Boxhole is a young impact crater located approximately 180 km (265 km by road) north-east of Alice Springs in the Northern Territory, Australia. It is 170 metres in diameter and its age is estimated to be 5,400 ± 1,500 years based on the cosmogenic 14C terrestrial age of the meteorite, placing it in the Holocene. The crater is exposed to the surface.

Description 
In 1937 Joe Webb, a shearer at Boxhole sheep station, took geologist Cecil Madigan to examine the crater.
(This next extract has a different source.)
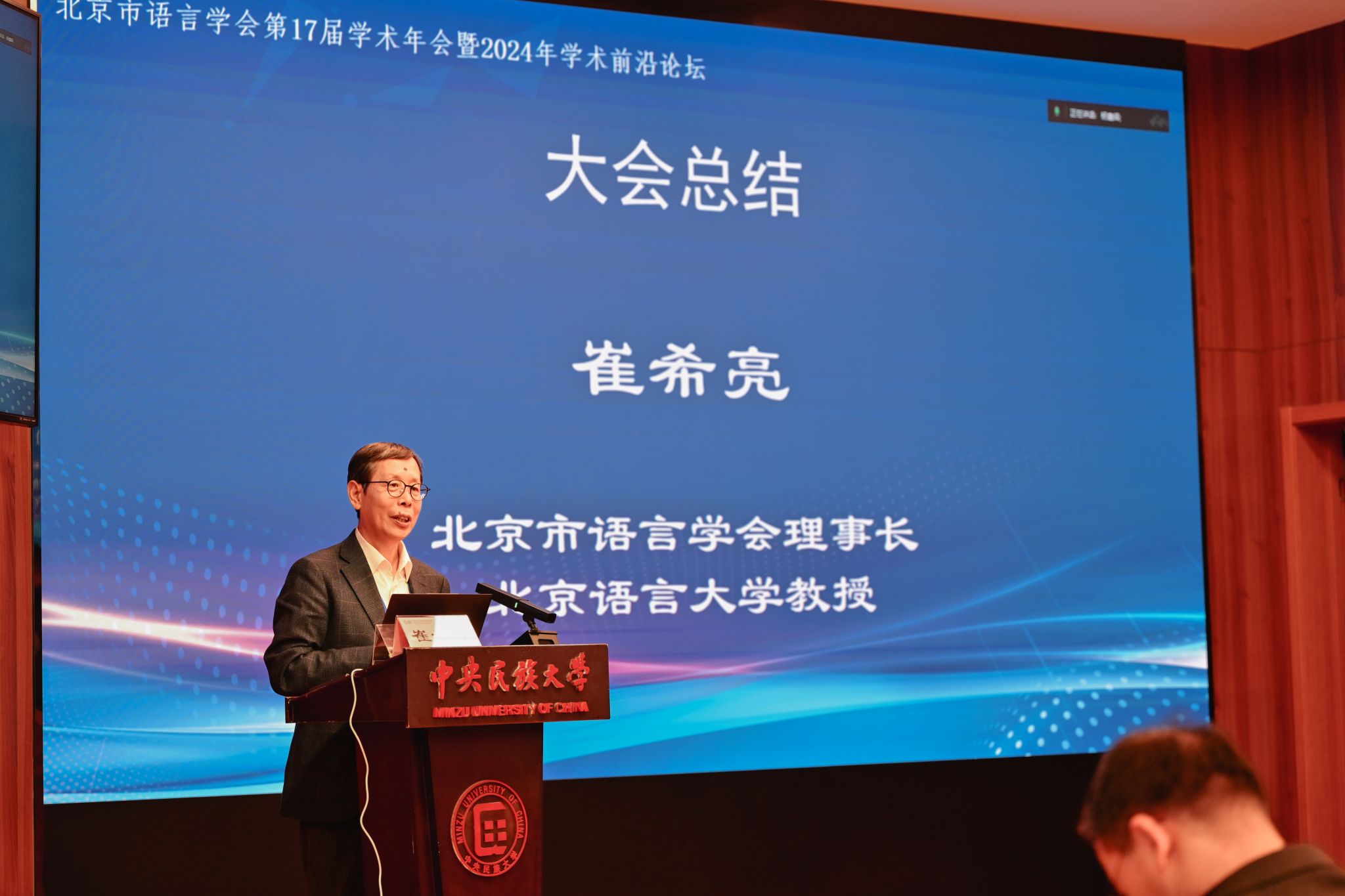 2024年12月8日,北京市语言学会第17届学术年会暨2024年学术前沿论坛在中央民族大学举办。本次年会由北京市社会科学界联合会、北京市哲学社会科学规划办公室主办,北京市语言学会、中央民族大学中国语言文学学部承办,众赢国际版官网

Madigan discovered nickel-bearing metallic fragments and iron shale-balls similar to those found at Henbury to the south of Alice Springs.  It was the second impact crater to be described in Australia, after Henbury.
A later search found additional meteoritic metal including an iron mass of 181 pounds (82 kg) , now in the Natural History Museum, London.

See also

List of impact craters in Australia

References

Further reading 
 Cassidy, W. A., Descriptions and topographic maps of the Wolf Creek and Boxhole craters, Australia (abstract). French, B.M. and Short, N.M., eds., Shock Metamorphism of Natural Materials, Mono Book Corp., Baltimore, MD, p. 623. 1968
 Shoemaker, E. M., Roddy, D.J., Shoemaker, C.S. and Roddy,J.K., The Boxhole meteorite crater, Northern territory, Australia (abstract). Lunar and Planetary Science XIX, pp. 1081–1082. 1988

External links 
 Particles around Boxhole meteorite crater.
 Natural History Museum (Boxhole Meteorite)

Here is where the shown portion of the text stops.